Ribbon diagram of staphylococcal nuclease (PDB 1EY0) with tryptophan 140 shown in orange. Helical secondary structure is shown in red.

Theory

A more detailed theoretical analysis bears this out, but points out important limitations on what the two probes of structure can differentiate. In past work staphylococcal nuclease denaturation behavior has been analyzed by a two state model.

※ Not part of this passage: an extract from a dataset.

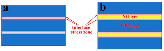 The schematic diagram of the distribution of interface stress zones in TiB2-Ni multilayer films with different Ni layer thicknesses; (a) thin nickel films; (b) thick nickel fims.

The apparent equilibrium constant, K_app, for the two state reaction native state Ý denatured state is calculated using the equation:

$${\mathrm{K}}_{\mathrm{app}}=\frac{\left[\mathrm{N}\right]}{\left[\mathrm{D}\right]}=\frac{{\mathrm{I}}_{\mathrm{N}}-\mathrm{I}}{\mathrm{I}-{\mathrm{I}}_{\mathrm{D}}}$$ 1)

where [N] and [D] are the concentration of the native and denatured states, respectively, I_N is the fluorescence or circular dichroism of the native state, I_D the fluorescence or circular dichroism of the denatured state, and I is the fluorescence or circular dichroism intensity at a given temperature. In practice, both I_N and I_D for both fluorescence and CD decrease as temperature increases in a generally linear fashion.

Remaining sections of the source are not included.